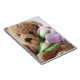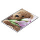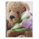 photo of sad teddy bear with an armload of pink calla lilies to personalize with your own text
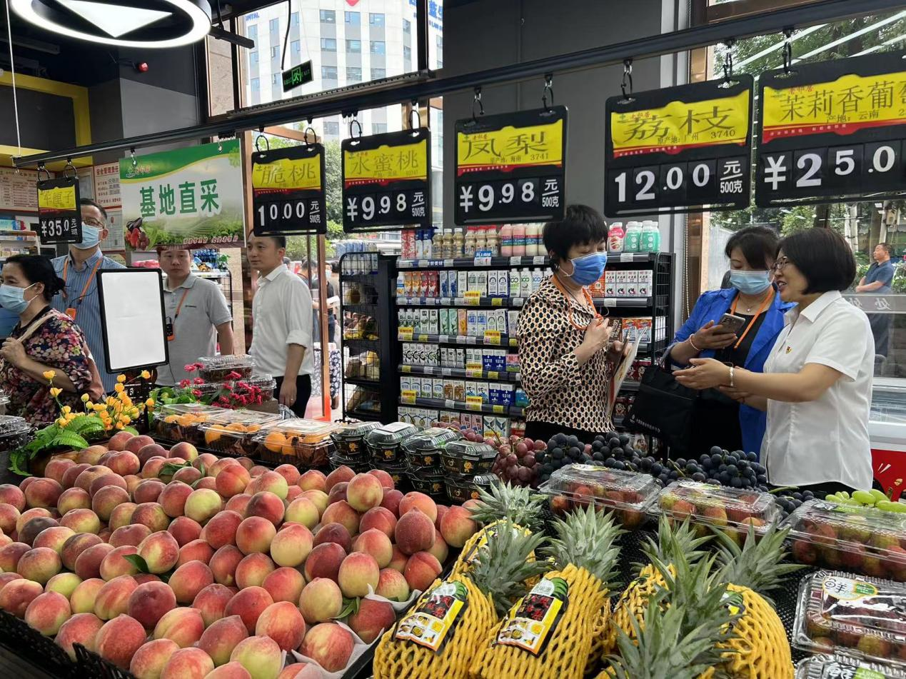 调研组在郫都区唐昌镇永安村供销合作社听取工作人员介绍。
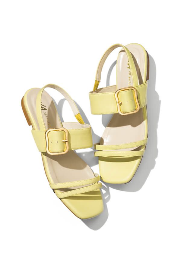 イエローが春に引き続きIN。足元でさりげなく取り入れるのがおしゃれ。スクエアバックルでリッチに。
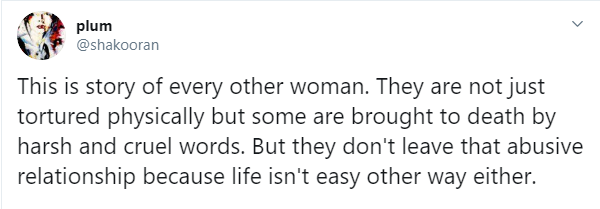 ایک اور صارف کا کہنا تھا کہ ’یہ ہر دوسری عورت کی کہانی ہے جو تشدد برداشت کرتی ہے مگر شوہر کو نہیں چھوڑ سکتی کیونکہ زندگی پھر بھی اس کے لئے آسان نہیں ہو گی۔‘
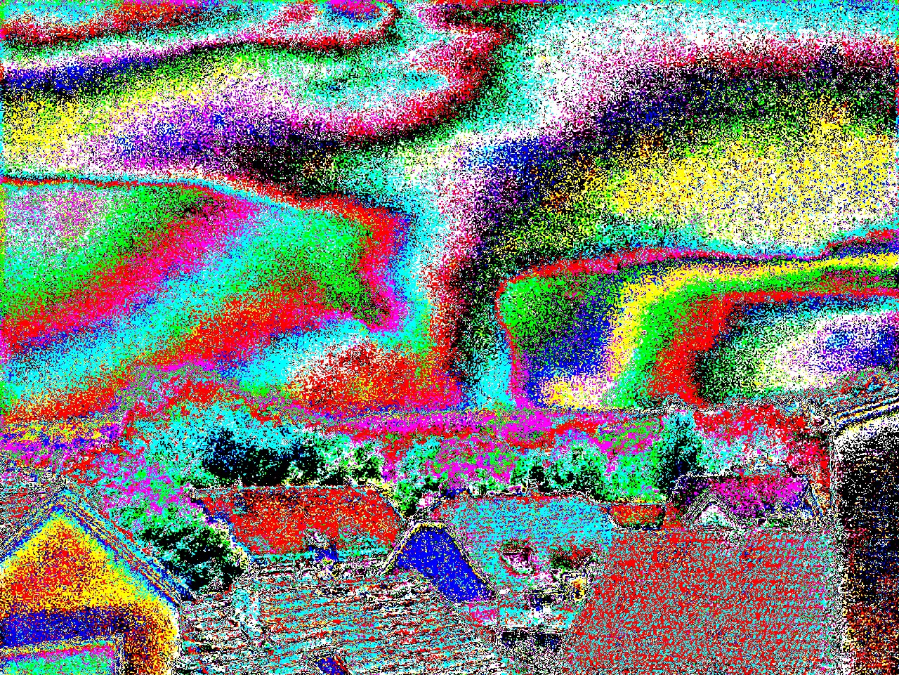 | Es folgt noch eine Darstellung der Bit-Ebenen des Bildes. Dafür wurde das Bild auf die RGB-Basisfarbkomponenten reduziert und die Farbtonänderungen im Bild mithilfe von Volltonfarben dargestellt (Originalgröße). |
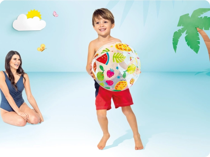 Profitez pleinement de l’été avec le ballon de plage Intex à l’imprimé fruits joyeux. Parfaitement visible sur le sable comme dans l’eau, léger et compact — une fois dégonflé, il prend un minimum de place dans le sac. Le vinyle résistant garantit une longue durée de vie et un jeu sans souci.
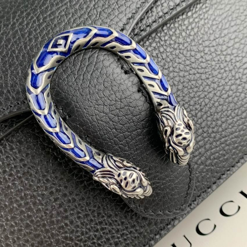 Egy üzenet a divat régi szabályainak hátrahagyásáról, az epilógus kollekció azt az elképzelést közvetíti, hogy a daraboknak időtlennek kell lenniük U2013 nem csak egy szezonban. A stílusok között szerepel az Alessandro Michele legszimblematikusabb tervei és motívumai az elmúlt öt évből, mint a Dionysus. A ház egyik szeretett vonala, a stílus egy kis válltáska, fekete, texturált bőrben. A színes csavar hozzáadásakor az elektromos kék zománc kiemeli az emblematikus tigrisfej bezárását. ] Tigrisfej bezárása
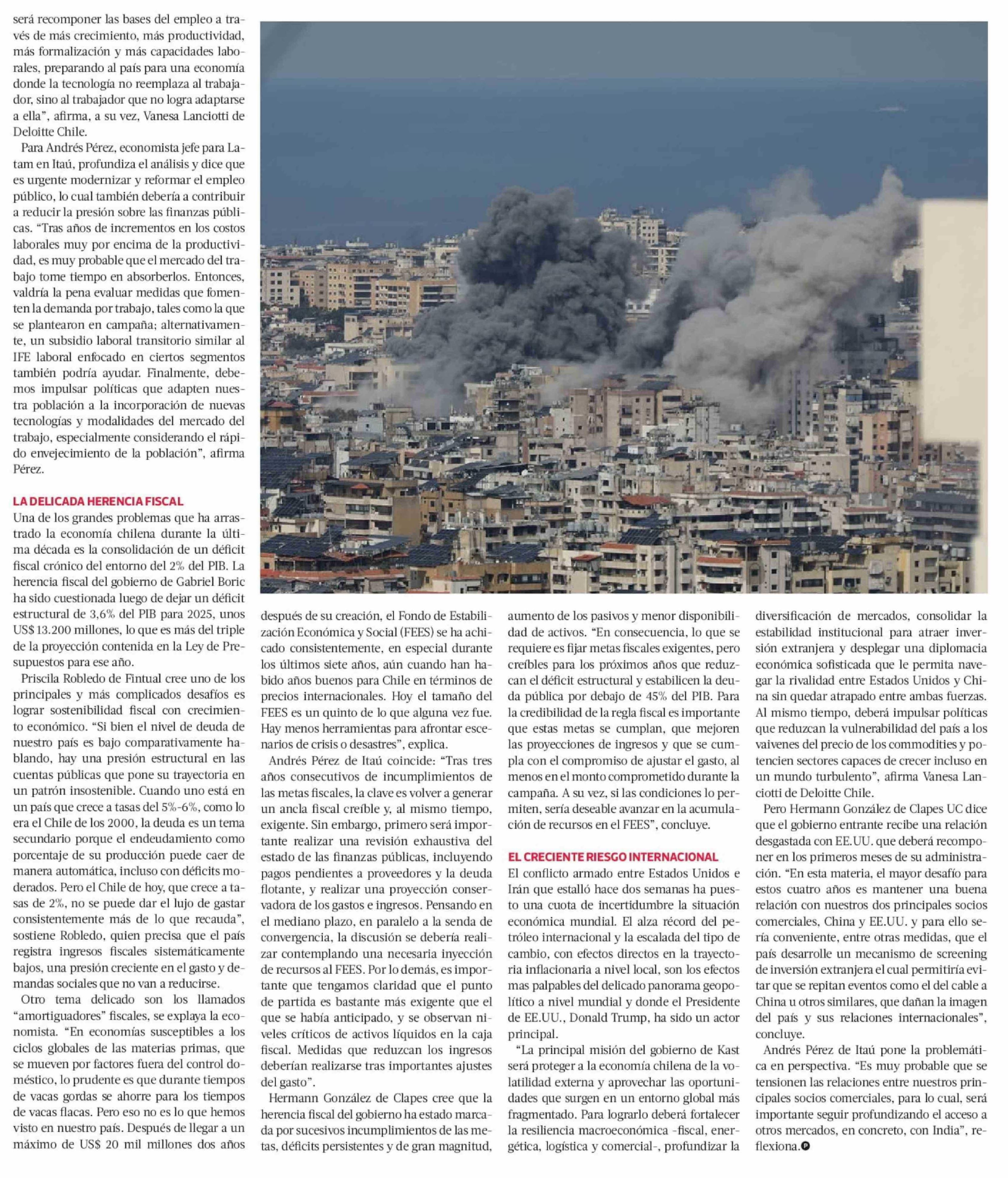 | Título: | La guerra en Medio Oriente asoma entre los principales riesgos del escenario económico que enfrenta Kast |

+++

Problem description:
Print the listing above in full, exactly as written. Omit any pictures.

Reply to the task:
 photo of sad teddy bear with an armload of pink calla lilies to personalize with your own text
 调研组在郫都区唐昌镇永安村供销合作社听取工作人员介绍。
 イエローが春に引き続きIN。足元でさりげなく取り入れるのがおしゃれ。スクエアバックルでリッチに。
 ایک اور صارف کا کہنا تھا کہ ’یہ ہر دوسری عورت کی کہانی ہے جو تشدد برداشت کرتی ہے مگر شوہر کو نہیں چھوڑ سکتی کیونکہ زندگی پھر بھی اس کے لئے آسان نہیں ہو گی۔‘
 | Es folgt noch eine Darstellung der Bit-Ebenen des Bildes. Dafür wurde das Bild auf die RGB-Basisfarbkomponenten reduziert und die Farbtonänderungen im Bild mithilfe von Volltonfarben dargestellt (Originalgröße). |
 Profitez pleinement de l’été avec le ballon de plage Intex à l’imprimé fruits joyeux. Parfaitement visible sur le sable comme dans l’eau, léger et compact — une fois dégonflé, il prend un minimum de place dans le sac. Le vinyle résistant garantit une longue durée de vie et un jeu sans souci.
 Egy üzenet a divat régi szabályainak hátrahagyásáról, az epilógus kollekció azt az elképzelést közvetíti, hogy a daraboknak időtlennek kell lenniük U2013 nem csak egy szezonban. A stílusok között szerepel az Alessandro Michele legszimblematikusabb tervei és motívumai az elmúlt öt évből, mint a Dionysus. A ház egyik szeretett vonala, a stílus egy kis válltáska, fekete, texturált bőrben. A színes csavar hozzáadásakor az elektromos kék zománc kiemeli az emblematikus tigrisfej bezárását. ] Tigrisfej bezárása
 | Título: | La guerra en Medio Oriente asoma entre los principales riesgos del escenario económico que enfrenta Kast |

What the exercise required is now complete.